🧅 Layer Order Matters: Stop Rebuilding Your Entire Docker Image on Every Commit

Every developer has stared at a CI build log scrolling past npm install... pip install... bundle install... for the fourth time in ten minutes. You pushed a one-line fix. You are watching 847 packages download from the internet. Again.

This is a solved problem. And the solution has been sitting in Docker's documentation since 2013. We just keep ignoring it.

How Docker Layer Caching Actually Works

Every instruction in a Dockerfile creates a layer — a diff snapshot on top of the previous one. Docker caches each layer using a hash of its inputs: the instruction text, the files it copies, and the parent layer hash.

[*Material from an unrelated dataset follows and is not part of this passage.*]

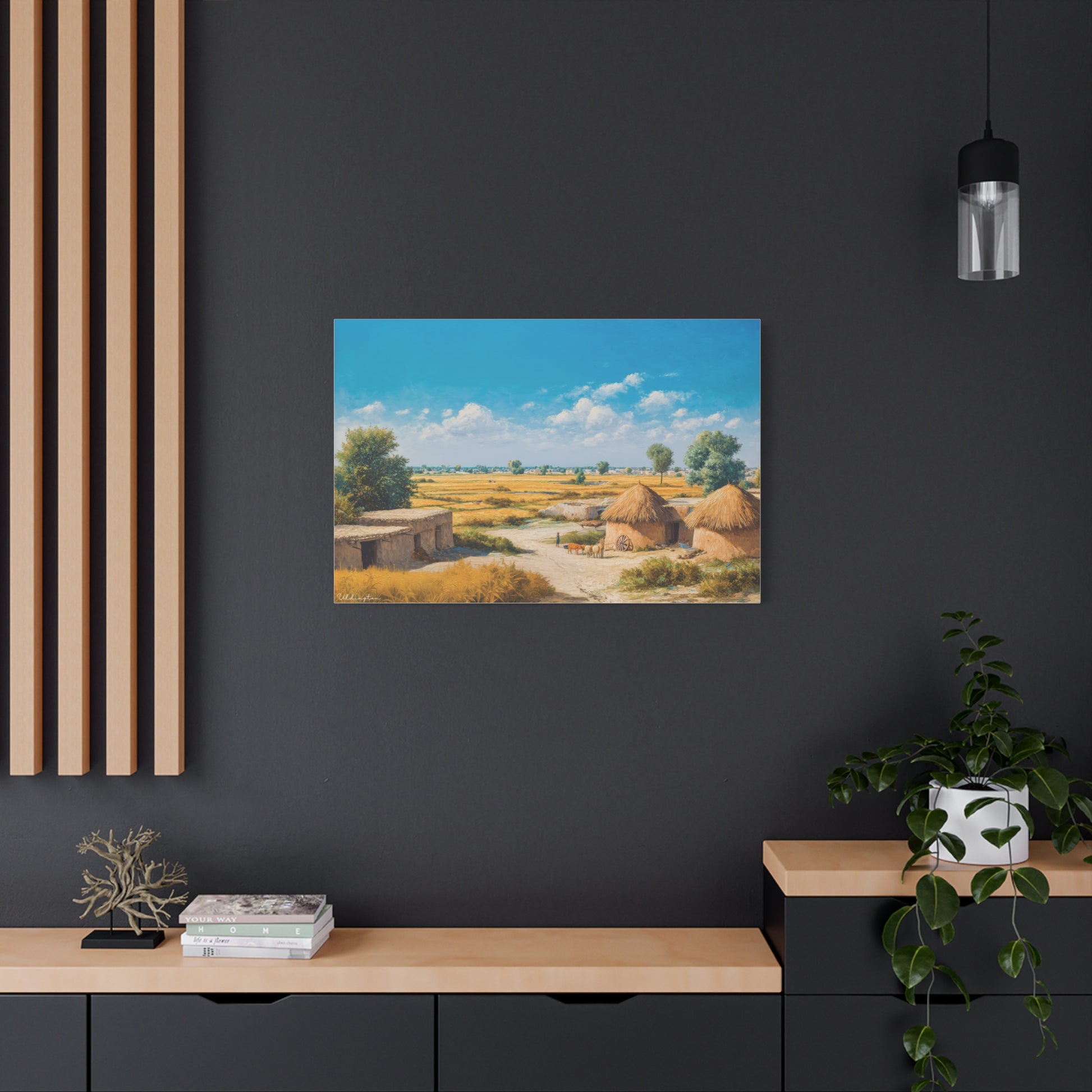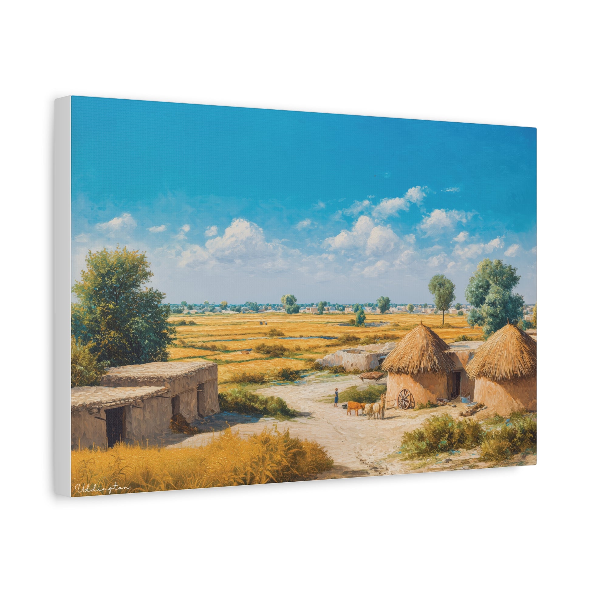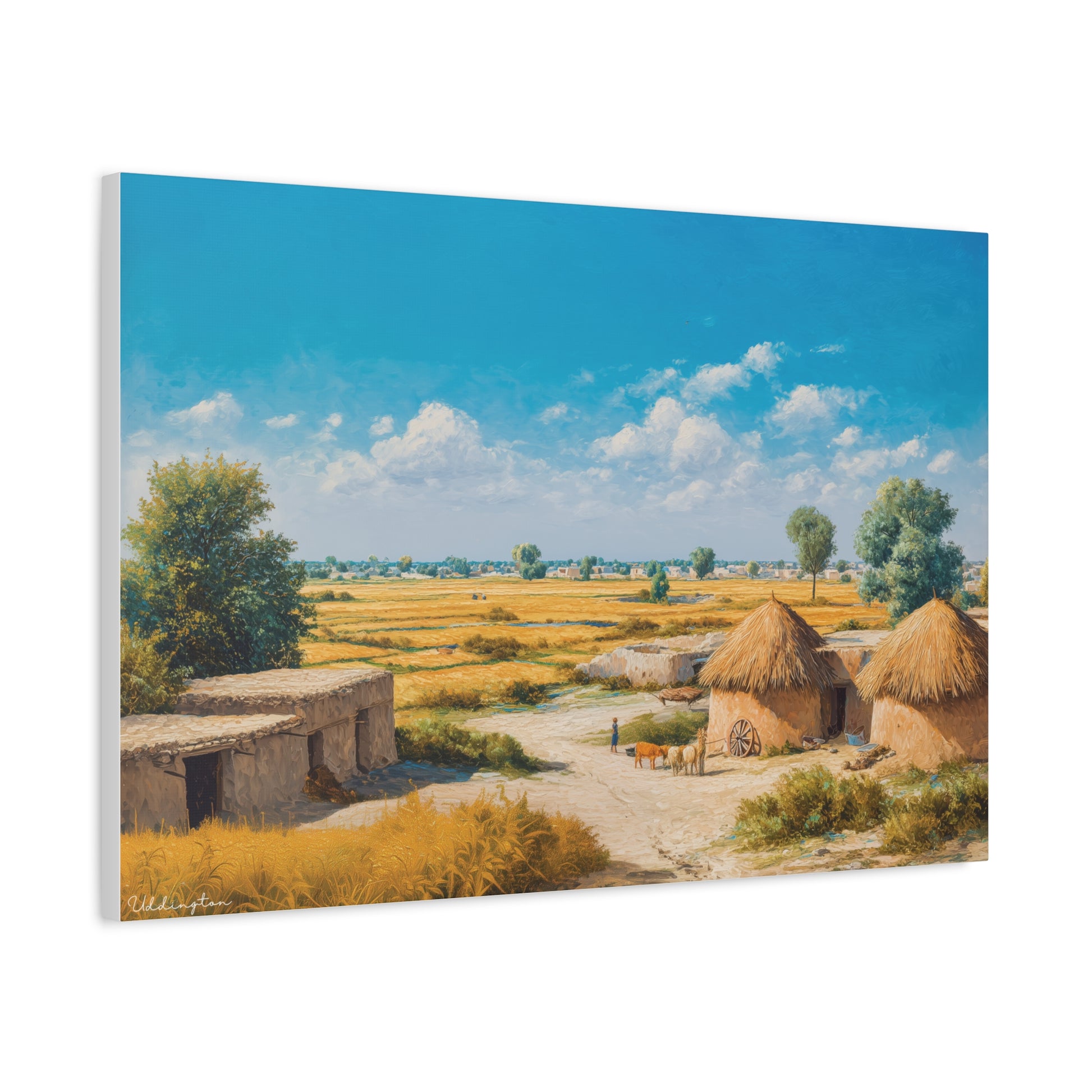 Transform your space with this Matte Canvas, featuring a vivid landscape of Punjab’s plains with golden wheat fields, blooming mustard flowers, winding rivers, and lively villages. Printed in high-quality detail, it adds warmth and cultural charm to any room. Perfect for home decor lovers or as a gift for weddings, anniversaries, housewarmings, or holidays, this canvas brings the serene beauty of Punjab into your home.

When a layer's hash changes, every subsequent layer is invalidated. Cache miss on layer 4 means layers 5 through 40 all rebuild. This is the trap most Dockerfiles fall into.

Here's the classic mistake I see on almost every new project at Cubet:

# ❌ The "I'll fix it later" Dockerfile
FROM node:20-alpine
WORKDIR /app

# Copy everything first
COPY . .

# Then install deps
RUN npm ci

RUN npm run build

EXPOSE 3000
CMD ["node", "dist/server.js"]

Looks harmless. The problem: that COPY . . copies your entire source tree — including src/, tests/, .env.example, and the file you just changed. Any code change invalidates the dependency install layer. You're downloading node_modules on every push.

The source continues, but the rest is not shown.